--- Dataset content Enclosed Below ---

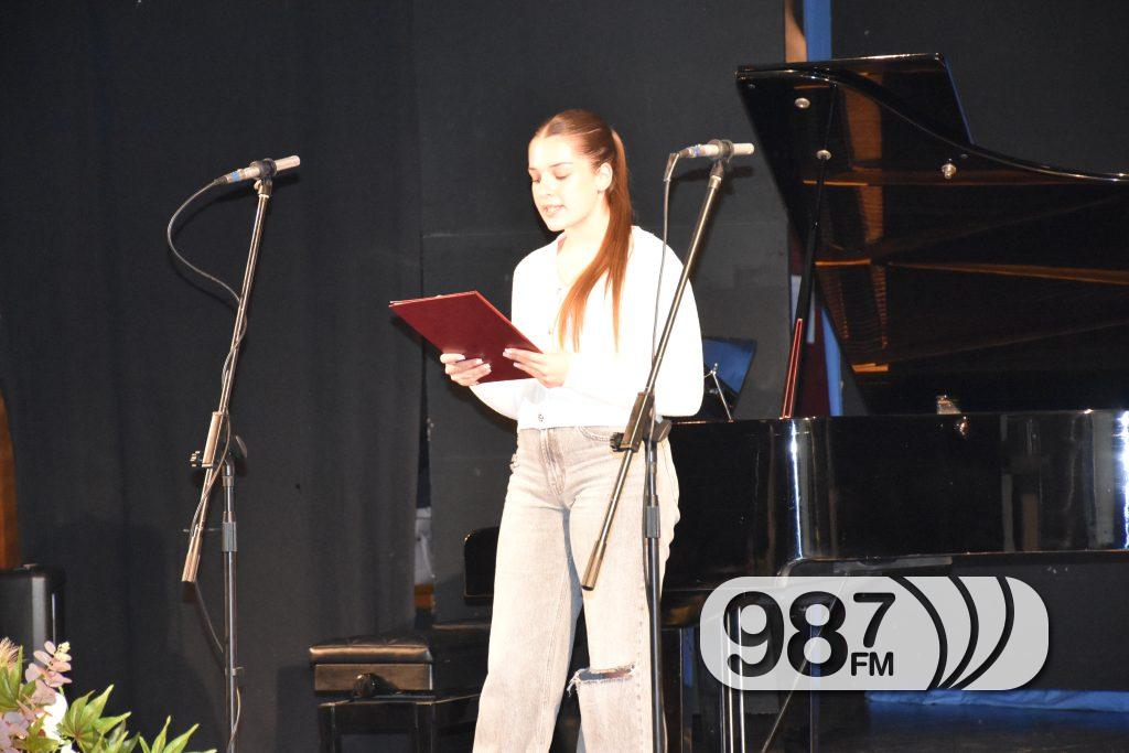 У културно-уметничком програму учествовали су ученици гимназије и стручне школе „Никола Тесла“ из Апатина, као и ученици и наставници Основне музичке школе „Стеван Христић“. Рецитована је песма Бранка Ћопића „На Петровачкој цести“ у извођењу Јасне Перенчевић и Маше Рајић, као и композиција „Тема и варијације на тему Карневал из Венеције“ коју је извела наставница Илона Јановић на кларинету уз клавирску пратњу Стефана Ракића. Невена Стојановић је говорила поему Доке Стојићића „Писмо госпођи Хелги“, а клавирски дуо, ученице ОМШ „Стеван Христић“, Анђелија Радишић и Јована Куриџа, извеле су композицију „Orange boogie“ од Манфреда Шмица. На самом крају културно-уметничког дела програма, ученица Софија Пашкаш говорила је песму Десанке Максимовић „О пореклу“.
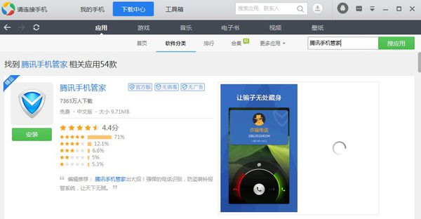 下载方式 打开电脑管家进入应用宝 搜索手机管家 点击下载即可。
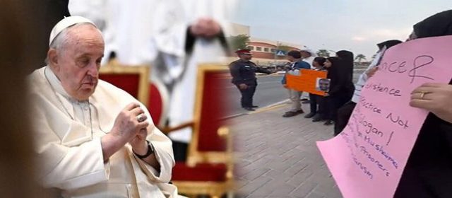نظم عدد من أقارب السجناء المحكوم عليهم بالإعدام في البحرين تظاهرة محدودة على طريق “البابا فرنسيس” وطالبوا بتدخله للإفراج عن المعتقلين السياسيين في البحرين. ونشر معهد البحرين للقانون والديمقراطية ومقره لندن والجماعة الإسلامية الوطنية في الوفاق البحرين مقطع فيديو للمظاهرة التي شارك فيها عدد من النساء والأطفال. وكتب على إحدى اللافتات: “التسامح والتعايش ممارسة وليس المزيد
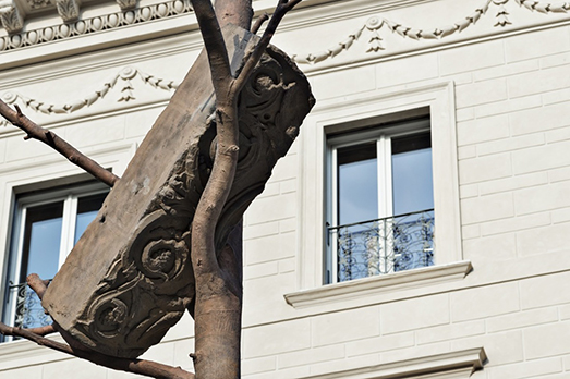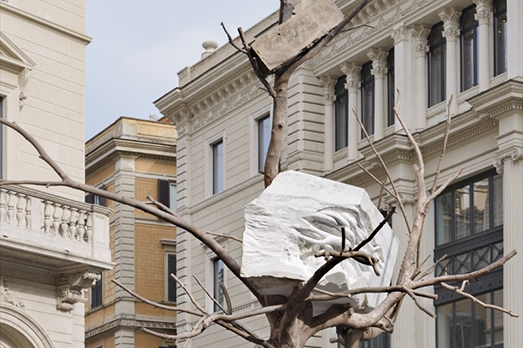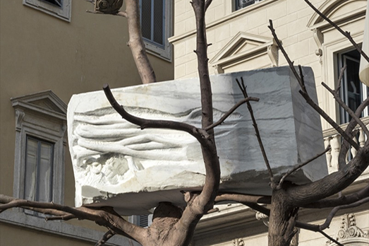 Due alberi di bronzo di 18 e 9 metri che intrecciano i loro rami verso l’alto sollevando un blocco di marmo scolpito di 11 tonnellate. Stiamo parlando di Foglie di Pietra (2016) di Giuseppe Penone che da ieri sera è visibile a Roma a Largo Goldoni, di fronte al palazzo della maison Fendi. L’opera è stata realizzata a Pietrasanta dalla Fonderia d’arte Massimo De Chiaro, azienda specializzata nell’antica tecnica della fusione a cera persa che dal 1980 collabora con numerosi artisti di fama mondiale. È così che per un anno circa trenta persone hanno lavorato alla costruzione di Foglie di Pietra, tra stampi, cere, e operazioni di fusione, montaggio e rifinitura. Secondo l’artista in questa scultura «archeologia e le rovine, la storia e la biologia si innestano l’una sull’altra creando un legame indissolubile tra natura e cultura, e celebrando una profonda sintesi tra lo scorrere del tempo naturale e quello umano in cui è presente in superficie una nostalgia romantica per antiche civiltà perdute». Così, proseguendo il percorso inaugurato con “Matrice”, la personale dedicata a Penone a Palazzo della Civiltà Italiana, la storica casa di moda ha presentato in stretta collaborazione con il Ministero della Cultura e il Comune di Roma, il suo regalo alla capitale, un’opera pubblica permanente nel cuore del centro storico. (NG)
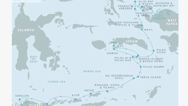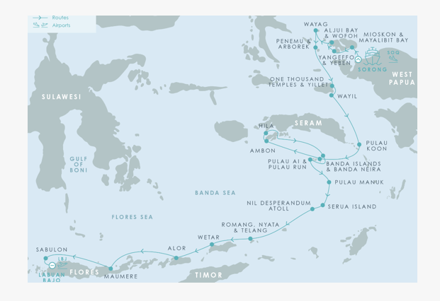 Diese Fahrt führt uns von Sorong bis nach Flores und vereint das Beste unserer Reiserouten für Raja Ampat, West Papua und Forgotten Island. In einer einzigen Expedition erleben Sie das kulturelle Geflecht der Banda-Inseln – einst das Herz des Gewürzhandels – und die überirdischen Landschaften von Raja Ampat, bekannt für seine unberührten Tauchplätze. Erleben Sie Wanderungen durch unerforschte Landschaften der mythischen Vergessenen Inseln – einer abgelegenen Inselkette, die selten von Kreuzfahrten in Ostindonesien erkundet wird.
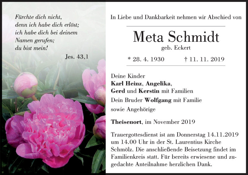 Hier finden Sie alle Traueranzeigen aus der Zeitung, die bisher für Meta Schmidt erschienen sind. Weitere Traueranzeigen, die in der Zeitung erscheinen, werden hier ebenfalls aufgelistet
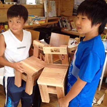 ▲自分で作った椅子を持つ子供達
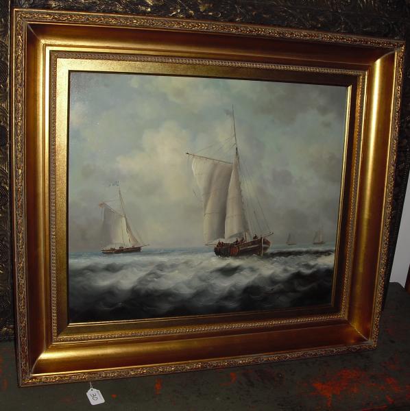 Sailboats on Choppy Seas Signed E. Ponthier
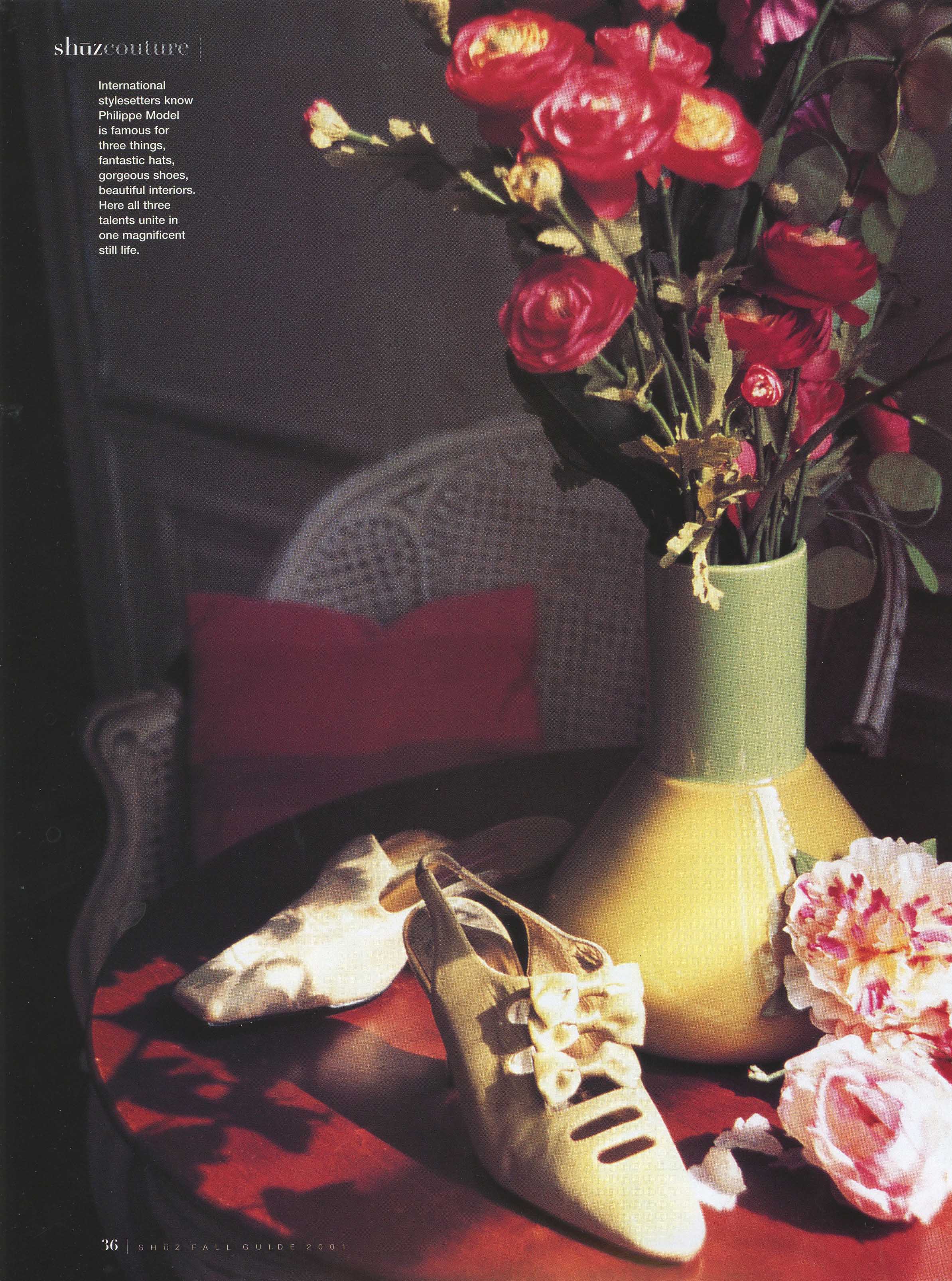 And then there’s this pretty, romantic page that accompanied a profile of Philippe Model, footwear and hat designer:
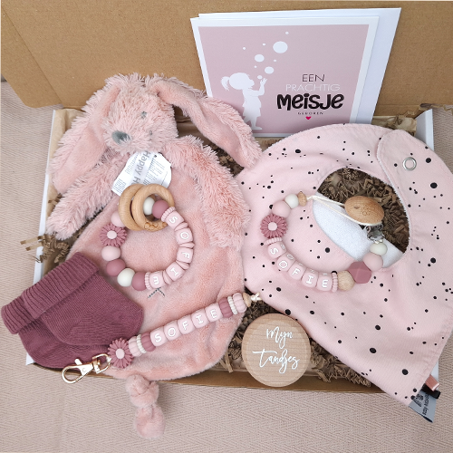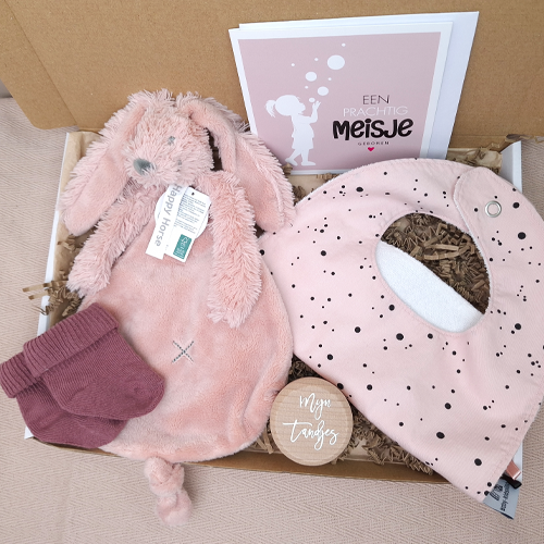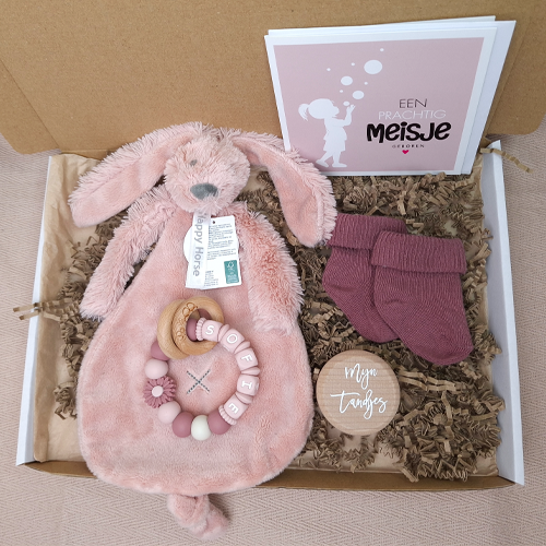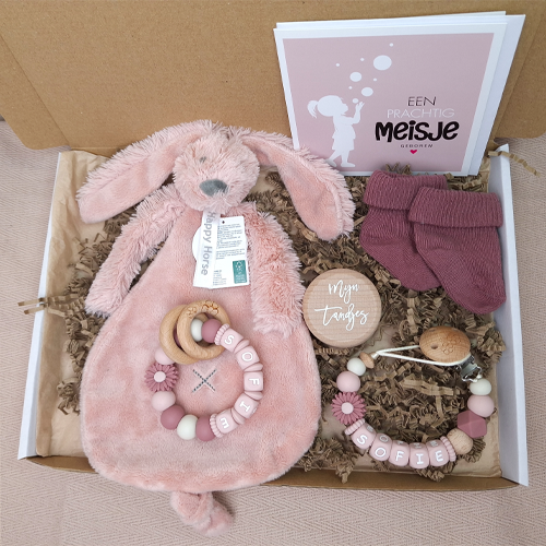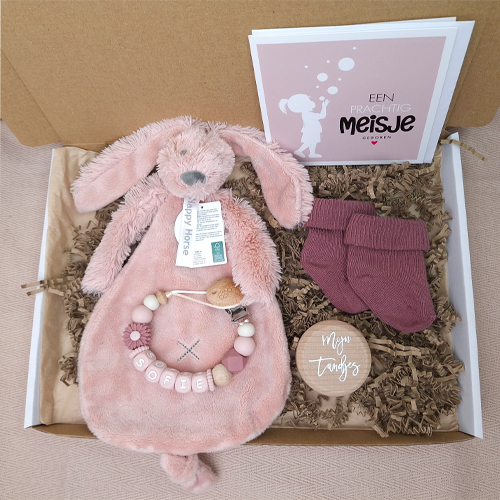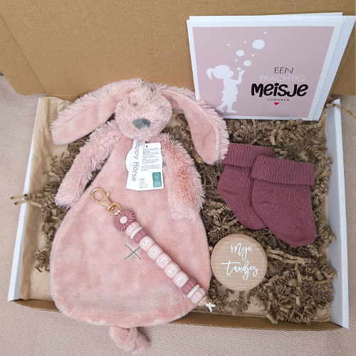 Verras de kersverse ouders met dit persoonlijke brievenbus kraamcadeau voor een meisje, met een schattige Happy Horse speendoekje konijn roze, babysokjes, een tandendoosje en een bijpassende dubbele wenskaart. Maak het cadeau nog specialer door er optioneel een speenkoord of bijtring met naam, sleutelhanger met naam of babyslab aan toe te voegen. Zo stel je in één keer een compleet en persoonlijk kraamcadeau samen, feestelijk verpakt en klaar om te geven.
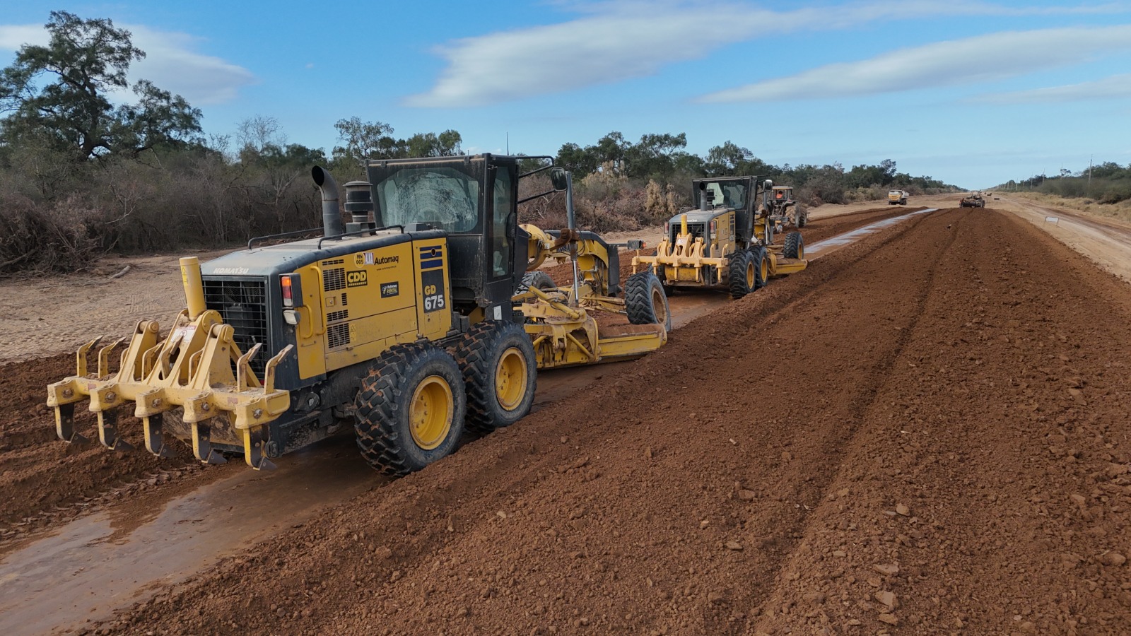 Na área de construção, a assistência técnica, a preparação do canteiro de obras, a movimentação de terra, a limpeza da faixa de terra, a escavação de bolsões e a construção do aterro, e a remoção e realocação de linhas de energia já foram concluídas. Na pavimentação, houve progresso na aplicação do subleito com cal, e a prioridade foi dada à sinalização na Picada Lóbrego.
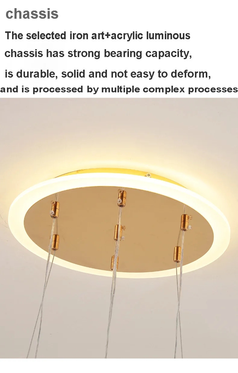 This modern LED ring pendant lamp combines simple, stylish circular lines with a spherical body for a unique visual effect. Suitable for dining rooms, living rooms, bedrooms, kitchens, and other spaces, its circular shape blends seamlessly into the ceiling, creating a modern aesthetic. With adjustable light levels of white, neutral, and warm white, it caters to every mood, adding warmth and style to any home, brightening every aspect of your life.
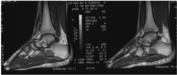 A decision is made to conduct magnetic resonance imaging (MRI) of the foot to identify the specific type of injury. The presence of a well-defined lytic lesion is confirmed, approximately 30x22x20 mm in the anteroinferior part of the calcaneus, with hypointense sequences enhanced on T1, which includes hyperintense sequences with fat suppression.
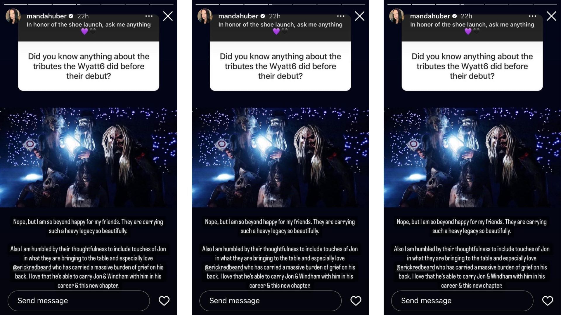 Brodie Lee's wife, Amanda Huber, took to her Instagram story to share her thoughts on the Wyatt Sicks faction. She was asked if she was aware of any of the tributes from the faction beforehand and she said she was not. Huber said she was happy for her friends especially Erick Rowan, who recently signed a new deal with WWE.
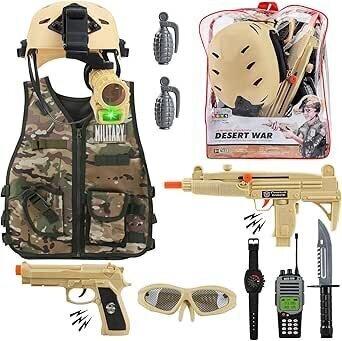 deAO Ensemble de Costume Militaire Camouflage désert avec Casque, Fusil, Grenades, Accessoires Militaires et Un Sac à Dos de Rangement : Amazon.com.be: Jouets

--- End of Enclosed Dataset content ---

_Task objective_
Everything from the first line of the records through the line containing "نظم عدد من أقارب" should be reproduced exactly, apart from the pictures.

_Output of the task_
 У културно-уметничком програму учествовали су ученици гимназије и стручне школе „Никола Тесла“ из Апатина, као и ученици и наставници Основне музичке школе „Стеван Христић“. Рецитована је песма Бранка Ћопића „На Петровачкој цести“ у извођењу Јасне Перенчевић и Маше Рајић, као и композиција „Тема и варијације на тему Карневал из Венеције“ коју је извела наставница Илона Јановић на кларинету уз клавирску пратњу Стефана Ракића. Невена Стојановић је говорила поему Доке Стојићића „Писмо госпођи Хелги“, а клавирски дуо, ученице ОМШ „Стеван Христић“, Анђелија Радишић и Јована Куриџа, извеле су композицију „Orange boogie“ од Манфреда Шмица. На самом крају културно-уметничког дела програма, ученица Софија Пашкаш говорила је песму Десанке Максимовић „О пореклу“.
 下载方式 打开电脑管家进入应用宝 搜索手机管家 点击下载即可。
نظم عدد من أقارب السجناء المحكوم عليهم بالإعدام في البحرين تظاهرة محدودة على طريق “البابا فرنسيس” وطالبوا بتدخله للإفراج عن المعتقلين السياسيين في البحرين. ونشر معهد البحرين للقانون والديمقراطية ومقره لندن والجماعة الإسلامية الوطنية في الوفاق البحرين مقطع فيديو للمظاهرة التي شارك فيها عدد من النساء والأطفال. وكتب على إحدى اللافتات: “التسامح والتعايش ممارسة وليس المزيد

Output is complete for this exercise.